The American Medical Association is calling on Acting Attorney General Jeffrey Rosen and the Justice Department to postpone the federal executions scheduled for the second week in January, saying in a Jan. 11 letter that recent executions have turned into COVID-19 super-spreader events.

The day before Montgomery’s stay was granted, Holy Cross Father John Jenkins, president of the University of Notre Dame, said her execution was one of three in his home state during the second week of January, adding to the nine already executed in the past six months by the federal government.

“President Trump, whose administration has expressed a commitment to defend the sanctity of human life, has the power to stop this inhumane, unprecedented and unnecessary spree of executions pursued by his Justice Department in the waning days of his administration. I urge him to do so,” he said in a statement.

The Catholic university president called Montgomery’s now-pending execution “particularly troubling,” saying it “illustrates some of the many systemic failures in our system of capital punishment. The victim of severe child abuse and sexual violence herself, Montgomery committed a crime so heinous and bizarre that it raises serious questions about her mental state.”

He stressed that the “most fundamental objection to the death penalty, though, is that it undermines our commitment to the sanctity of all human life — healthy or infirm, talented or ordinary, good or bad. Death-row inmates have been convicted of some of the most awful crimes imaginable, yet even their lives do not lose that dignity.”

The Catholic Mobilizing Network also has spoken out against Montgomery’s execution along with initially planned federal executions of Johnson and Higgs. It is holding virtual prayer vigils on the afternoon of each scheduled execution and is planning to still do so Jan. 12 for the final date that had been set for Montgomery’s execution. Participants can sign up online at https://catholicsmobilizing.org/virtual-vigils.

The group launched an online petition campaign asking President-elect Joe Biden to make it a priority to end federal executions once he is sworn into office, urging the incoming administration to “uphold the sacred dignity of every person” and make good on its promises to dismantle the federal death penalty system.

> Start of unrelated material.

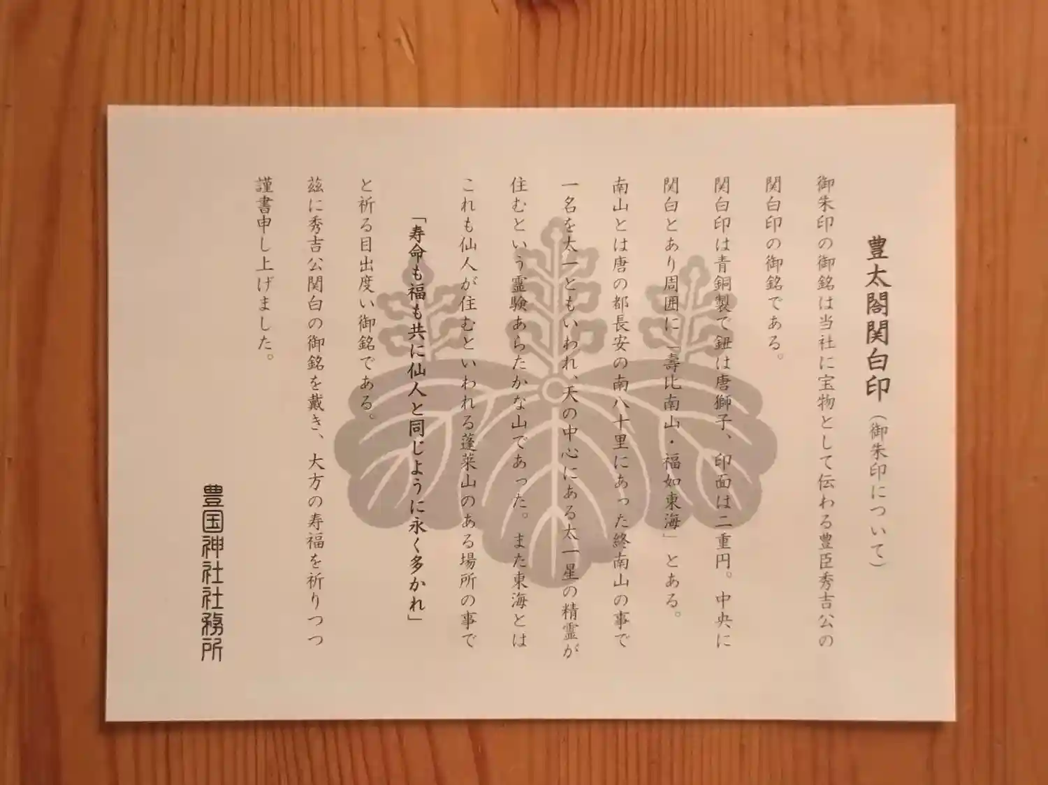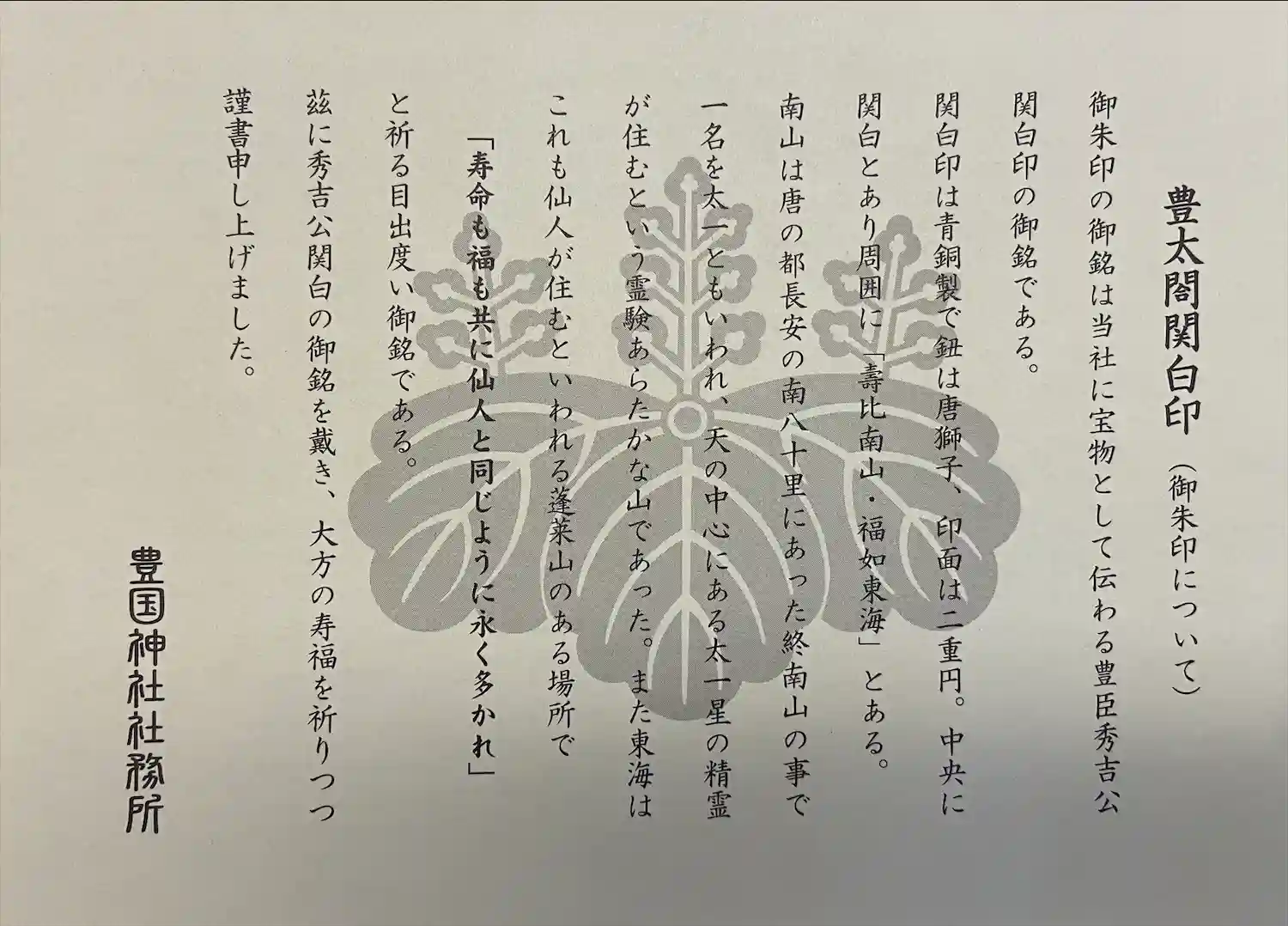 豊太閤関白印

The petition names several possible avenues toward abolition the president-elect could pursue, including declaring an official moratorium on federal executions, commuting the death sentences of all those currently on federal death row and advocating to end the death penalty in law.

The last suggestion was taken up in late afternoon Jan. 11 when Sen. Dick Durbin, D-Illinois, the incoming chair of the Senate Judiciary Committee, and Rep. Ayanna Pressley, D-Massachusetts, announced plans to introduce legislation seeking an end to the federal death penalty.

“There are three lives that hang in the balance this week alone,” Pressley said in an interview with NPR, hours before Montgomery’s stay was announced. “This is why we reintroduced this bill this week and are urging Congress to act immediately to pass it. State-sanctioned murder is not justice.”